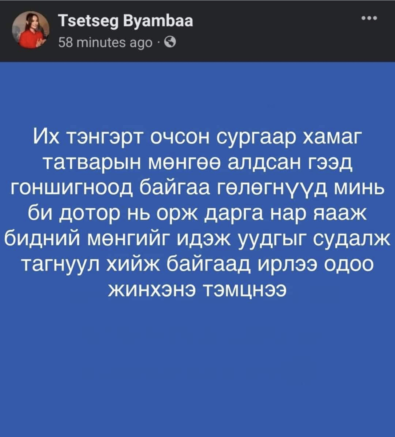 Б.Цэцэг: “Их тэнгэрт очсон сургаар хамаг татварын мөнгөө алдсан гээд гоншигноод байгаа гөлөгнүүд минь би дотор нь орж дарга нар яаж бидний мөнгийг идэж уудгыг судалж тагнуул хийж байгаад ирлээ одоо жинхэнэ тэмцэнээ” гэв.
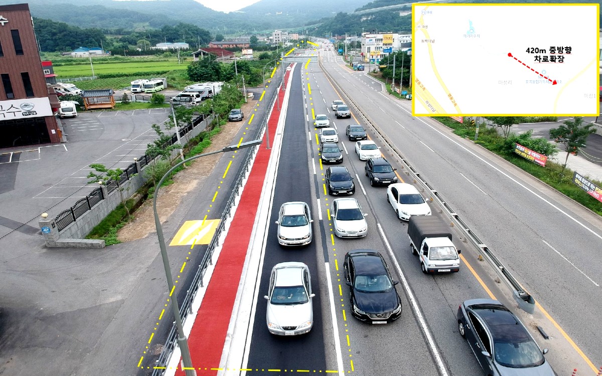 상습 정체구간이었던 마성교차로 일원의 통행량이, 차로 확장 이후 크게 증가한 것으로 나타났다.
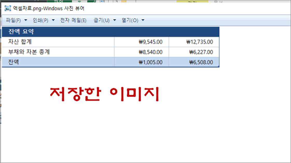 ▼ PNG 이미지로 저장하고 뷰어로 띄운 결과입니다. 이런 식으로 엑셀에서 특정 영역을 이미지로 변환한 후 저장해서 상대방에게 전달할 수 있습니다.

══════

_Your assignment:_
Take the data above and set it down exactly, images excluded.

_Response:_
 Б.Цэцэг: “Их тэнгэрт очсон сургаар хамаг татварын мөнгөө алдсан гээд гоншигноод байгаа гөлөгнүүд минь би дотор нь орж дарга нар яаж бидний мөнгийг идэж уудгыг судалж тагнуул хийж байгаад ирлээ одоо жинхэнэ тэмцэнээ” гэв.
 상습 정체구간이었던 마성교차로 일원의 통행량이, 차로 확장 이후 크게 증가한 것으로 나타났다.
 ▼ PNG 이미지로 저장하고 뷰어로 띄운 결과입니다. 이런 식으로 엑셀에서 특정 영역을 이미지로 변환한 후 저장해서 상대방에게 전달할 수 있습니다.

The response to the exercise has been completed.